This is an exploration question, meaning I'm not completely sure what this question is about, but I think it's about the biggest integer in Bash. Anyhow, I'll define it ostensively.

$ echo $((1<<8))
256

I'm producing an integer by shifting a bit. How far can I go?

$ echo $((1<<80000))
1

Not this far, apparently. (1 is unexpected, and I'll return to it.) But,

$ echo $((1<<1022))
4611686018427387904

is still positive. Not this, however:

$ echo $((1<<1023))
-9223372036854775808

And one step further afield,

$ echo $((1<<1024))
1

Why 1? And why the following?

$ echo $((1<<1025))
2
$ echo $((1<<1026))
4

Would someone like to analyse this series?

UPDATE

My machine:

$ uname -a
Linux tomas-Latitude-E4200 4.4.0-47-generic #68-Ubuntu SMP Wed Oct 26 19:39:52 UTC 2016 x86_64 x86_64 x86_64 GNU/Linux
share|improve this question
    
-9223372036854775808 = 0xF333333333333334. That's a funny-looking edge case. Of course, 4611686018427387904 = 0x4000000000000000. I suspect you are hitting some kind of wraparound on the number of bits to shift by. Why are you doing this, anyway? – Michael Kjörling 3 hours ago
2  
@MichaelKjörling For amusement ;-p – tomas 3 hours ago
up vote 10 down vote accepted

Bash uses intmax_t variables for arithmetic. On your system these are 64 bits in length, so:

$ echo $((1<<62))
4611686018427387904

which is

100000000000000000000000000000000000000000000000000000000000000

in binary (1 followed by 62 0s). Shift that again:

$ echo $((1<<63))
-9223372036854775808

which is

1000000000000000000000000000000000000000000000000000000000000000

in binary (63 0s), in two's complement arithmetic.

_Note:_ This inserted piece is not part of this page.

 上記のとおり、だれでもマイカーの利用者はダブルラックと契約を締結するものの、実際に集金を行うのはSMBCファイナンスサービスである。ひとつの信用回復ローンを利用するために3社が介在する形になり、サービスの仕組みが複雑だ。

To get the biggest representable integer, you need to subtract 1:

$ echo $(((1<<63)-1))
9223372036854775807

which is

111111111111111111111111111111111111111111111111111111111111111

in binary.

If you shift again from -9223372036854775808, the shift wraps around: the left-most digit (1) "falls off" the end and is put back in from the right:

$ echo $((1<<64))
1

This repeats every 64 shifts:

$ echo $((1<<128))
1
$ echo $((1<<192))
1

etc. You can think of shift arithmetic as modulo 64, which explains the results you're seeing: $((1<<1025)) is $((1<<1)), $((1<<1026)) is $((1<<2))...

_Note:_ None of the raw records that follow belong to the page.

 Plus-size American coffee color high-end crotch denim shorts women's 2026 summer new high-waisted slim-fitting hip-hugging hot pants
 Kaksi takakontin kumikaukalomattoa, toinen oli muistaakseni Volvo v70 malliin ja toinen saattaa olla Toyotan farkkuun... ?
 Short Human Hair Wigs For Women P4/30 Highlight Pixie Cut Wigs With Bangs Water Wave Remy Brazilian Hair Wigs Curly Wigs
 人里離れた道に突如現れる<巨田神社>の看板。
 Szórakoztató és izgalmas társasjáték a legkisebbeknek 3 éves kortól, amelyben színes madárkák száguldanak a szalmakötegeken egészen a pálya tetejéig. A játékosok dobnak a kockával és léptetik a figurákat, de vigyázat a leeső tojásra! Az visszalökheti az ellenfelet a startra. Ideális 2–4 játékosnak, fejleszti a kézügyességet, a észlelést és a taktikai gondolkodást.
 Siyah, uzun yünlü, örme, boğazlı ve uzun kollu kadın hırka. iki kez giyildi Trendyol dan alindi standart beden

You'll find the type definitions and maximum values in stdint.h; on your system:

/* Largest integral types.  */
#if __WORDSIZE == 64
typedef long int                intmax_t;
typedef unsigned long int       uintmax_t;
#else
__extension__
typedef long long int           intmax_t;
__extension__
typedef unsigned long long int  uintmax_t;
#endif

/* Minimum for largest signed integral type.  */
# define INTMAX_MIN             (-__INT64_C(9223372036854775807)-1)
/* Maximum for largest signed integral type.  */
# define INTMAX_MAX             (__INT64_C(9223372036854775807))
share|improve this answer
1  
No, you need them, Binary - has higher precedence than <<. – cuonglm 3 hours ago
1  
@cuonglm huh, serves me right for testing on zsh... Thanks again! – Stephen Kitt 3 hours ago
    
@cuonglm and Stephen. Well, that's a good edit. echo $((1<<63-1)) gives me 4611686018427387904. – tomas 3 hours ago
    
@tomas yup, bash uses C operator precedence, zsh has its own by default where $((1<<63-1)) equals $(((1<<63)-1)). – Stephen Kitt 3 hours ago
    
This is good to know, a good question and a very thourough answer, thanks to you both Stephen Kitt and tomas. – Valentin B. 3 hours ago
up vote 3 down vote

From the CHANGES file for bash 2.05b:

j. The shell now performs arithmetic in the largest integer size the machine supports (intmax_t), instead of long.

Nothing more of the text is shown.